Hesperidin attenuates learning and memory deficits in APP/PS1 mice through activation of Akt/Nrf2 signaling and inhibition of RAGE/NF-κB signaling.

机构信息

The Fifth Department of Tianjin Huanhu Hospital, No. 122, Qixiangtai Road, Hexi District, Tianjin, 300060, People's Republic of China.

出版信息

Arch Pharm Res. 2018 Jun;41(6):655-663. doi: 10.1007/s12272-015-0662-z. Epub 2015 Sep 21.

Abstract

Numerous studies have demonstrated that oxidative stress and inflammation play a pivotal role in the pathophysiology of Alzheimer disease (AD). Hesperidin (HP) has various pharmacological effects including anti-oxidative, anti-inflammatory and neuroprotective properties. In this study, APP/PS1 mice were used to evaluate the neuroprotective effects of HP. We reported that intragastric administration of HP (40 mg/kg) for 90 days significantly attenuated cognitive impairment in APP/PS1 mice. HP treatment suppressed oxidative stress by reducing the levels of ROS, LPO, protein carbonyl and 8-OHdG and increasing the activity of HO-1, SOD, catalase, and GSH-Px. HP treatment also inhibited inflammation by decreasing the levels of TNF-α, C-reactive protein and MCP-1 and reducing the activity of NF-κB. Moreover, HP could reverse the decreased phosphorylation of Akt, the decreased phosphorylation of GSK-3β, the lessened Nrf2 and the reduced expression of HO-1. HP could also inhibit the increased the RAGE expression, the enhanced phosphorylation of IκBα, and the augmented nuclear translocation of NF-κB/p65 in cortex of APP/PS1 mice.
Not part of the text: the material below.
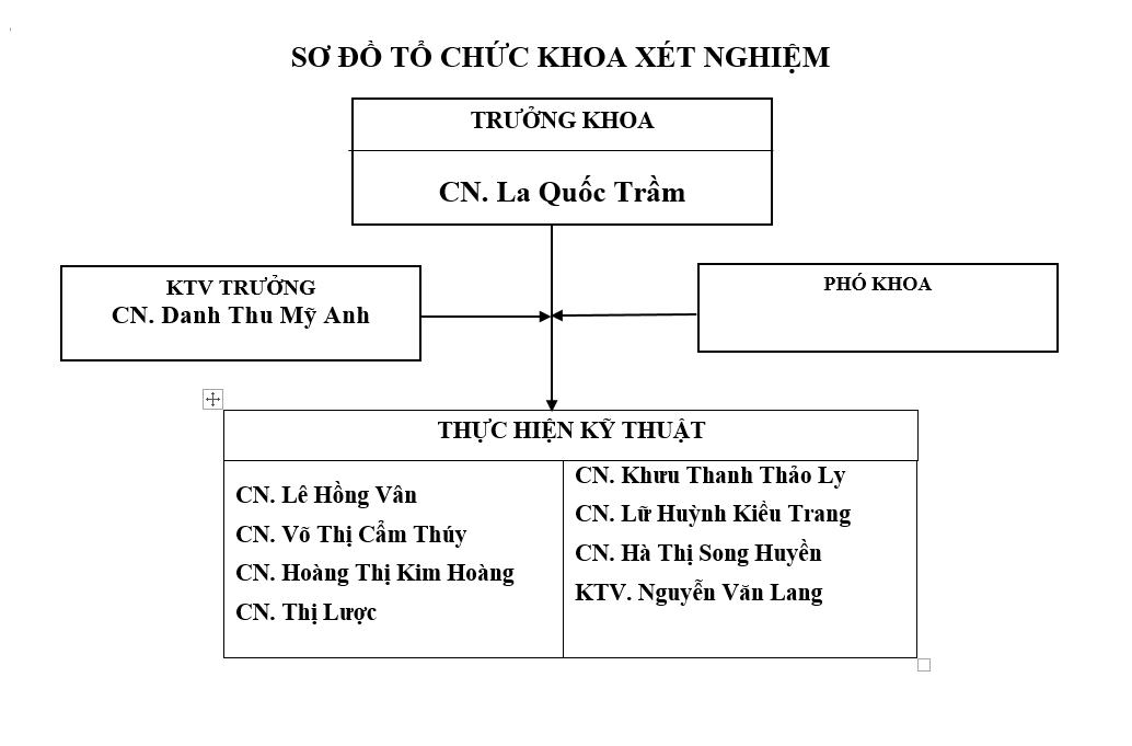 * Nhiệm vụ: Thực hiện các kỹ thuật xét nghiệm phục vụ bệnh nhân đến khám bệnh và bệnh nhân điều trị bệnh; Tổ chức hoạt động của khoa theo đúng quy chế của Bộ Y tế và đảm bảo an toàn cho các thành viên trong khoa và môi trường xung quanh; Thực hiện đúng các quy chế về quản lý và sử dụng hóa chất, thuốc thử; Đảm bảo công tác trật tự, vệ sinh và vô khuẩn trong thực hiện các kỹ thuật; Quản lý và sử dụng thiết bị máy móc trong khoa theo đúng quy chế quản lý và sử dụng vật tư, thiết bị y tế.
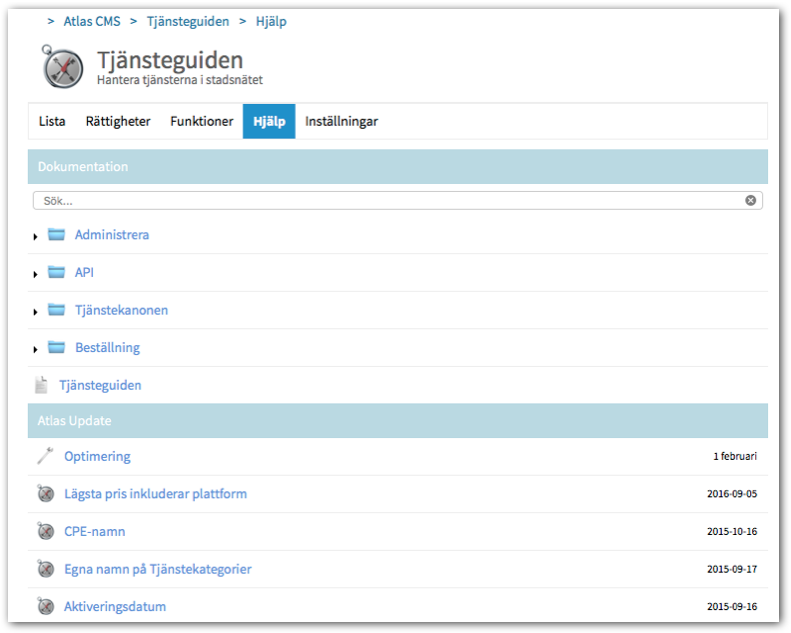 Under fliken Hjälp har vi samlat all dokumentation och alla updates som rör Tjänsteguiden.Du kan fortfarande klicka på Hjälp-länken längst ner till höger i Adminlisten, och får då en popup-lista med alla moduler. Välj aktuell modul och en dokumentationsartikel så visas denna i ett nytt fönster. Ett bra alternativ när man inte vill klicka bort sig från sidan man jobbar på.

Taken together, HP suppresses oxidative stress and inflammation via activation of Akt/Nrf2 signaling and inhibition of RAGE/NF-κB signaling and further confers neuroprotection.

摘要

大量研究表明,氧化应激和炎症在阿尔茨海默病(AD)的病理生理学中起着关键作用。橙皮苷(HP)具有多种药理作用,包括抗氧化、抗炎和神经保护特性。在这项研究中,使用 APP/PS1 小鼠来评估 HP 的神经保护作用。我们报告说,HP(40mg/kg)灌胃 90 天可显著减轻 APP/PS1 小鼠的认知障碍。HP 治疗通过降低 ROS、LPO、蛋白质羰基和 8-OHdG 的水平,增加 HO-1、SOD、过氧化氢酶和 GSH-Px 的活性来抑制氧化应激。HP 治疗还通过降低 TNF-α、C 反应蛋白和 MCP-1 的水平,降低 NF-κB 的活性来抑制炎症。此外,HP 可以逆转 Akt 的磷酸化减少、GSK-3β 的磷酸化减少、Nrf2 的减少和 HO-1 的表达减少。HP 还可以抑制 RAGE 表达的增加、IκBα 的磷酸化增强以及 APP/PS1 小鼠皮质中 NF-κB/p65 的核易位增加。综上所述,HP 通过激活 Akt/Nrf2 信号通路和抑制 RAGE/NF-κB 信号通路抑制氧化应激和炎症,从而发挥神经保护作用。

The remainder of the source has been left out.